Shell declares nearly $10bn profit
By Simon Hacker | 4th May 2023
Oil and gas prices may be falling, but oil giant Shell today posted profits of £7.66bn ($9.6bn) for the first three months of 2023, a figure that out-strips forecasts as energy producers continue to record soaring financial figures.
Adjusted earnings for Shell exceeded the $9.13bn it made in the first quarter of 2022, when oil and gas prices surged in the wake of the invasion of Ukraine. Industry analysts had predicted a figure of $7.96bn.
Shell said the figure follows "improved operational performance, lower underlying opex (operational expenditure) and better results in Chemicals & Products driven by trading and optimisation offsetting the impact of lower oil and gas prices, and higher tax compared with Q4 2022".
However, profits are lower than the $9.8bn Shell made in the final quarter of 2022, given the recent drop in oil and gas prices from their highs last summer.
Shell has indicated that it will funnel billions of this profit back to shareholders via a $4bn share buyback programme announced today. The move follows total shareholder distributions of $6.3bn in the first quarter of 2023, including a $4bn buyback programme.
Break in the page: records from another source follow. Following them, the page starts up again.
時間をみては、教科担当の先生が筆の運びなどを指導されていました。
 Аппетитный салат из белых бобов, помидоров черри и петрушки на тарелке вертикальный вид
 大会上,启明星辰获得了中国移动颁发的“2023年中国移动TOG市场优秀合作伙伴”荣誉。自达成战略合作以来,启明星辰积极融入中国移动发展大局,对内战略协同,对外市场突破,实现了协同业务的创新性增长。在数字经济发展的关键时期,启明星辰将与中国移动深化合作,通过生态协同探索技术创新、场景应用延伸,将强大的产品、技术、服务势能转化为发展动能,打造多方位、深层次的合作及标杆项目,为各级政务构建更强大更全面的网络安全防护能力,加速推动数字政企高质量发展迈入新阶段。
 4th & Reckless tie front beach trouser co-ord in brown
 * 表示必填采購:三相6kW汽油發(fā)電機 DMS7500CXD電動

Sharon Graham, general secretary of Unite, said: "The scale of profiteering displayed today by Shell and earlier this week BP is one of the corporate scandals of our times. And this is practically untouched by Rishi Sunak's so-called windfall tax."
With BP and Shell profits together amounting to a first quarter "bonanza" touching £11.7bn, she said that two of the "Masters of Big Oil" were "continuing to gather in obscene profits" and called for government intervention.
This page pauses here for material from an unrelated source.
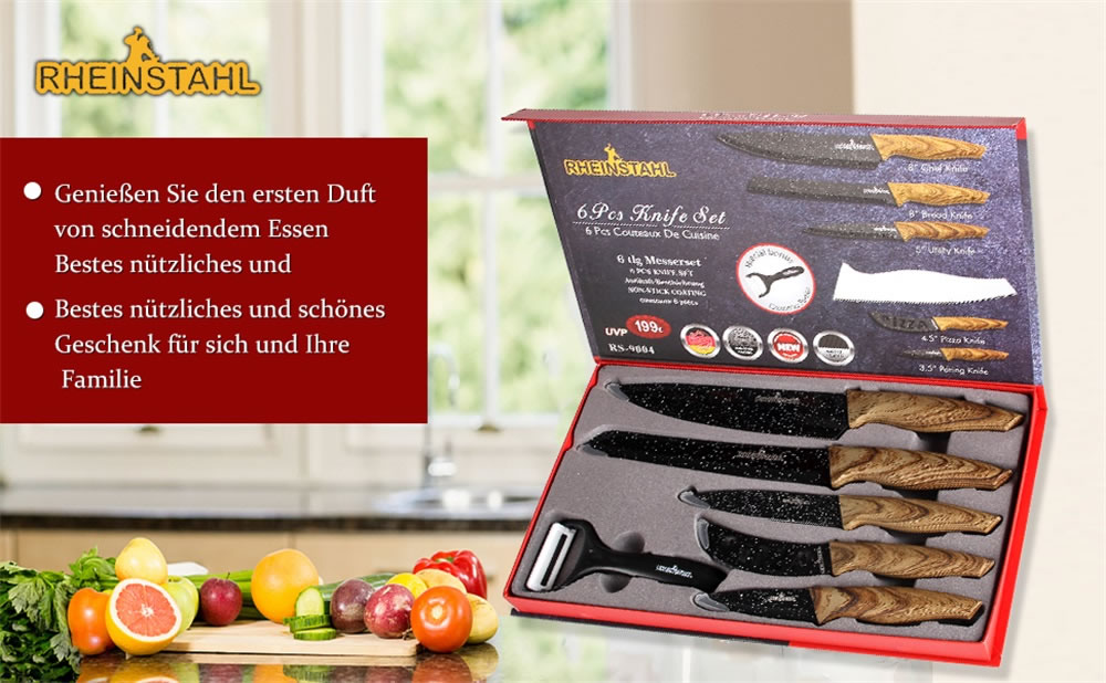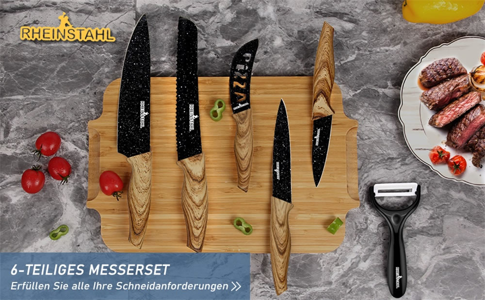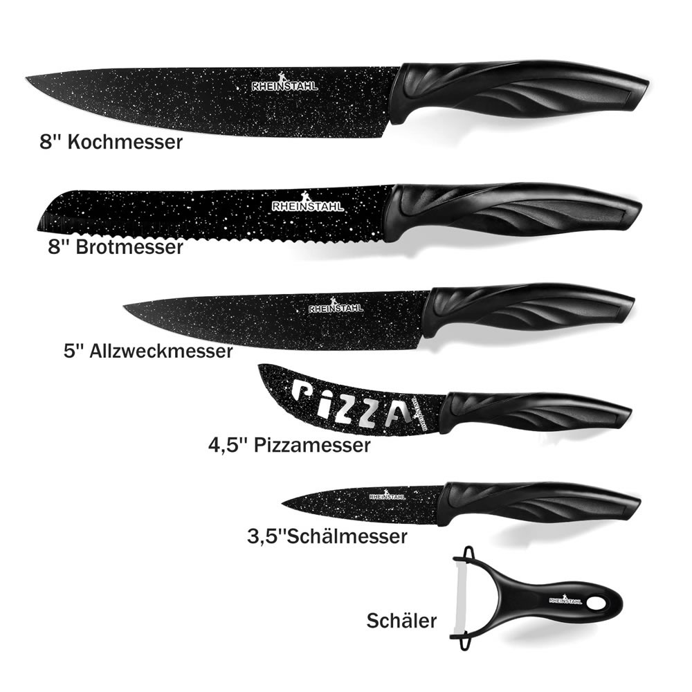 6 teiliges Küchenmesser Set erfüllt alle Ihre Bedürfnisse zum Schneiden von Dingen in der Küche, darunter: 19 cm Kochmesser, 12.5 cm Universalmesser, 20 cm Brotmesser, 11 cm Pizzamesser, 8.5 cm Schälmesser und ein Sparschäler.

She added: "Actually it's time to consider something way beyond a windfall tax. Unite research has found that if the UK had a Norwegian tax take we would be earning at least £30 billion more from the North Sea than we are now. Not taking any action against "Big Oil" means the profiteering plundering will continue without end."
Shell's figures come in the wake of news from the Federation of Small Businesses that two in five small firms saw revenues fall over Q1, with only one in three seeing any increase.
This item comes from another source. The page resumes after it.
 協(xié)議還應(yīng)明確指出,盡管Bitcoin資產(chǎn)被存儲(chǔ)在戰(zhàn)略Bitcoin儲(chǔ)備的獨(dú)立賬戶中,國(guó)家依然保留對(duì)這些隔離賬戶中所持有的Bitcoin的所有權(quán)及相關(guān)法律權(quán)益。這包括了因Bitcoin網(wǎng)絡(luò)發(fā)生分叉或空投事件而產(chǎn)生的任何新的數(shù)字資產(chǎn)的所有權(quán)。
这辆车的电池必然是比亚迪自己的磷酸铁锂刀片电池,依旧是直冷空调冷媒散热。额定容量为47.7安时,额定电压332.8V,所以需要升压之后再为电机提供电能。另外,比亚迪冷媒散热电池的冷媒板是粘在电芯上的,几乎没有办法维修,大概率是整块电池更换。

A spokesman said: "Falling sales were an issue for many small firms over the first quarter. Two in five small businesses said their revenues fell over the course of the first three months of this year (41%), compared with one in three who said they had seen an increase in sales (34%)."
On inflation, yet another series high was reached, with 92% of small businesses saying their costs were higher than in the same period last year, with utilities the main culprit (cited by 63% of businesses whose costs had changed), followed by labour costs (45%), inputs (44%), and fuel (40%, although this was notably down from 54% in the previous quarter).